УДК 316.323.6 ББК С51(2)5 + Т3(2)5-3
«СТИХИЙНОЕ» И «ОРГАНИЗОВАННОЕ» НАЧАЛА РОССИЙСКОГО ОБЩЕСТВА В РУССКОЙ СОЦИАЛЬНО-ПОЛИТИЧЕСКОЙ МЫСЛИ XIX ВЕКА
Е.В. Миронов
Нестабильность сегодняшнего дня, превалирование стихийных процессов во всех областях российской жизни, отсутствие твердых социально-общественных структур, на которые могли бы опереться реформаторы, заставляет по-новому взглянуть на тот путь, которым пришла Россия к ее сегодняшнему положению, а тем самым понять возможности цивилизованного выхода из теперешнего кризиса.
Еще в начале прошлого века П. Я. Чаадаев, анализируя исторические тенденции России, увидел константу ее жизни в «безличном хаосе», в отсутствии гарантий для собственности и свободы личности, в тотальном подавлении человека, а в результате — в постоянной готовности русских людей к метафизическому и буквальному бунту против любых правовых норм.

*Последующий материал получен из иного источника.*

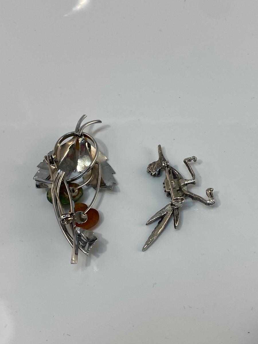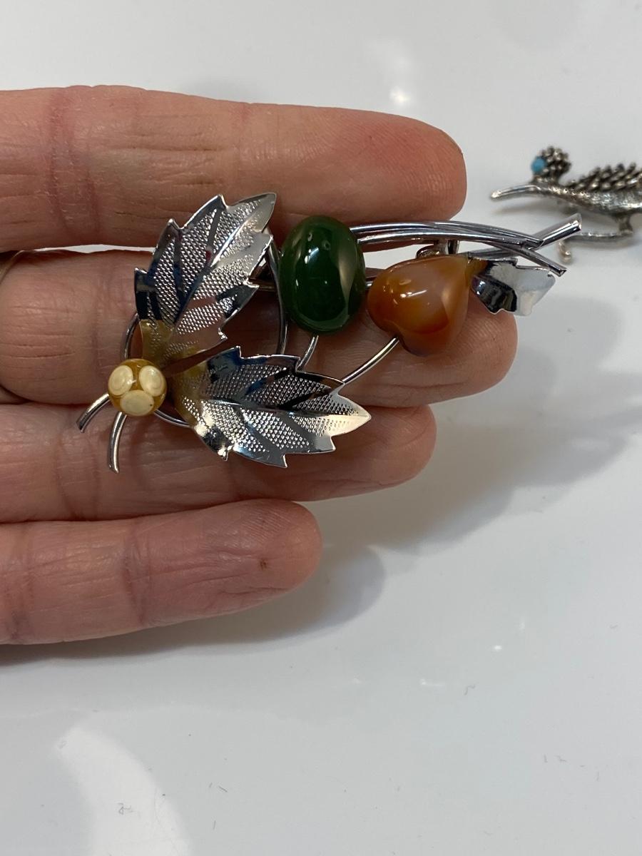 Pair of Silver Tone Vintage Pins Brooches Roadrunner & Leaf with Polished Stones. Both are in good condition. No sterling marks.
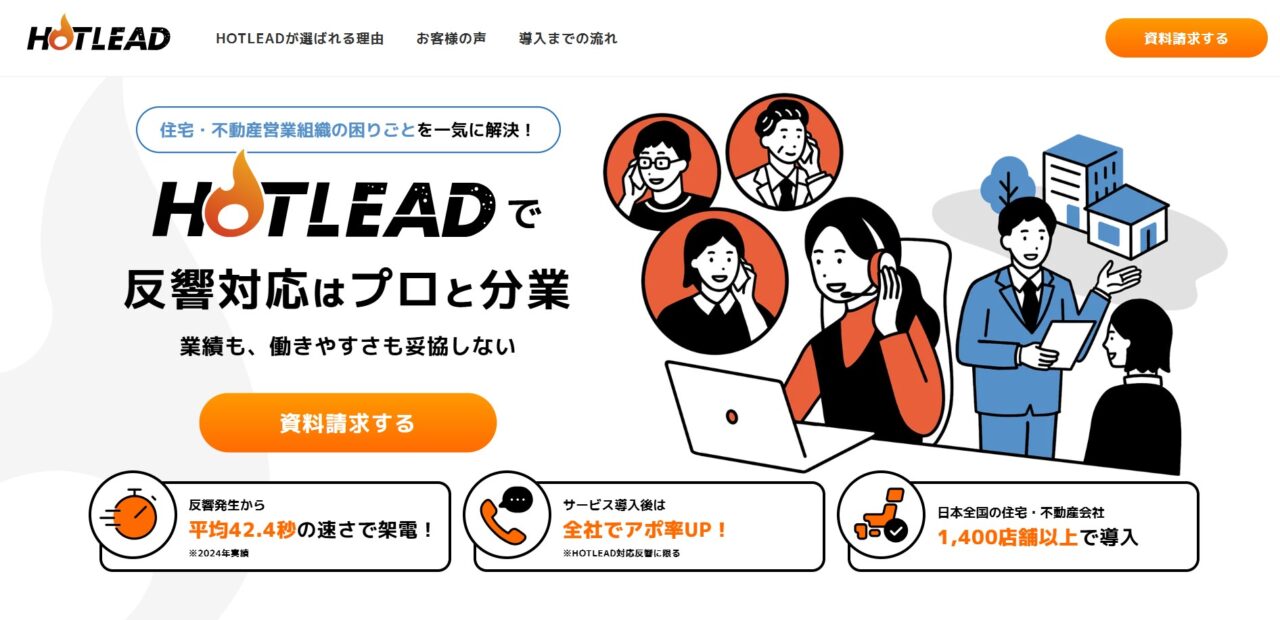 homie株式会社のHOTLEADは、不動産の資料請求をしたお客様の「反響対応」を提供するサービスです。
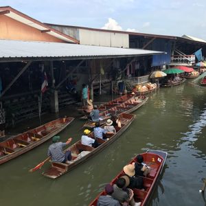 土曜日に行ったのですがとにかく混んでいました。水上マーケットは船がたくさん出ていてすれ違うのもやっとでした。マーケットで売っているお土産は街中で100Bの物が700Bと言われびっくりしました。もう行くことは無いと思います。
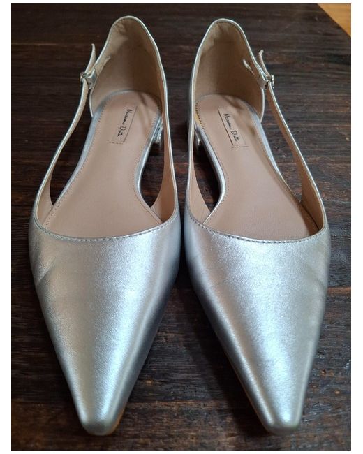 Experience everyday comfort with these elegant silver Massimo Dutti flats. Designed with a keen eye for style, these shoes feature a supple leather upper and a soft leather lining, ensuring your feet are cradled in luxury with every step. The versatile silver hue complements any outfit, making these flats a staple for your wardrobe. With a UK size 4.5 (EU size 37), these flats are tailored for women who value both fashion and comfort. The durable synthetic outsole provides lasting wear, while the timeless design promises to keep your feet looking chic. Whether it's for office work or a casual day out, these Massimo Dutti flats are the perfect choice.
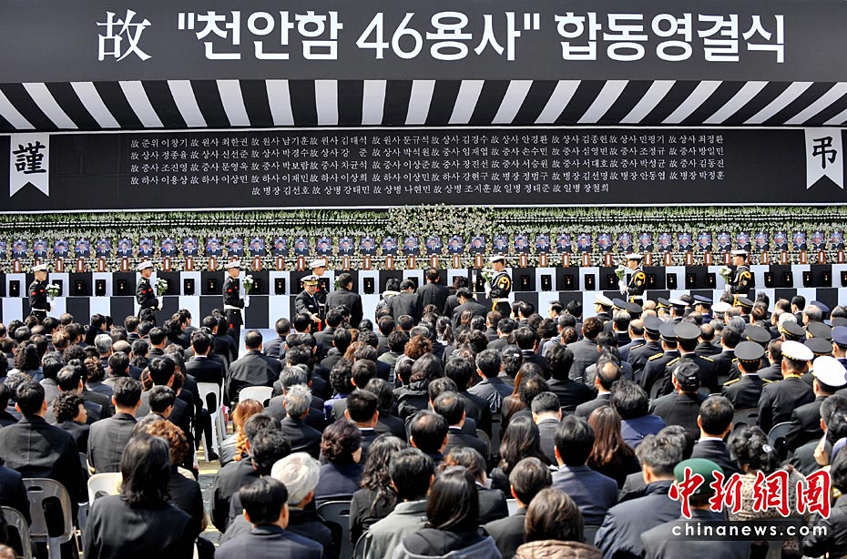 4月29日上午,韓國“天安”艦遇難官兵遺體告別儀式在平澤海軍第二艦隊司令部安保公園舉行。韓國總統李明博攜夫人參加告別儀式。圖片來源:中國新聞網

В этом смысле русский народ всегда был равен русскому правительству. Вольность и произвол противопоставлены в русской ментальности понятию свободы, имеющей ограничение в свободе другого человека. Этот диагноз получил подтверждение в творчестве Достоевского, показавшего возможность возникновения из «карама-зовской стихии» всеразрушающего бунта. «Нет оснований нашему обществу, не выжито правил, потому что и жизни не было. Колоссальное потрясение, — и все прерывается, падает, будто и не существовало. И не внешне лишь, как на Западе, а внутренне, нравственно» [3, с. 329], — писал он.
С тех пор как человечество начало мыслить о своей судьбе и искать лучшего будущего, в человеческом сознании живет одна заветная, неистребимая мечта: мечта внести сознательность в стихийный процесс жизненного развития как человека, так и общества в целом, разумно и целесообразно двинуть его по верному пути, на место слепой анархии установить порядок и организацию. Состоянию анархии человеческая мысль противопоставляет идею подчинения стихийных сил разумной воле человека, ту же великую идею, которая лежит в основе всего технического прогресса. Подобно силам природы, слепые силы общественной стихии должны быть покорены и направлены к благу человека; состояние разброда и хаоса должно быть заменено состоянием порядка и организации, при котором люди могли бы сознательно творить свою историю, следуя совместно указаниям своего разума. Эта идея организации и, так сказать, рационализации общественной жизни, то есть полного подчинения ее разуму и разумной воле руководителей, есть одна из глубочайших и упорнейших тенденций социально-философской мысли; в разных формах и в различном контексте идей она встречается у са-
мых разнообразных мыслителей. Будучи формальным социологическим построением, она может вместить в себя любое содержание, служить проводником и союзником самым разнородным идеалам. Именно поэтому один из наиболее убежденных провозвестников этой идеи, Огюст Конт, предлагал католикам соединиться, несмотря на все разногласия мировоззрения, с «позитивистами» в одну великую партию «организаторов человечества» для совместной борьбы со всеми дезорганизующими социальными тенденциями.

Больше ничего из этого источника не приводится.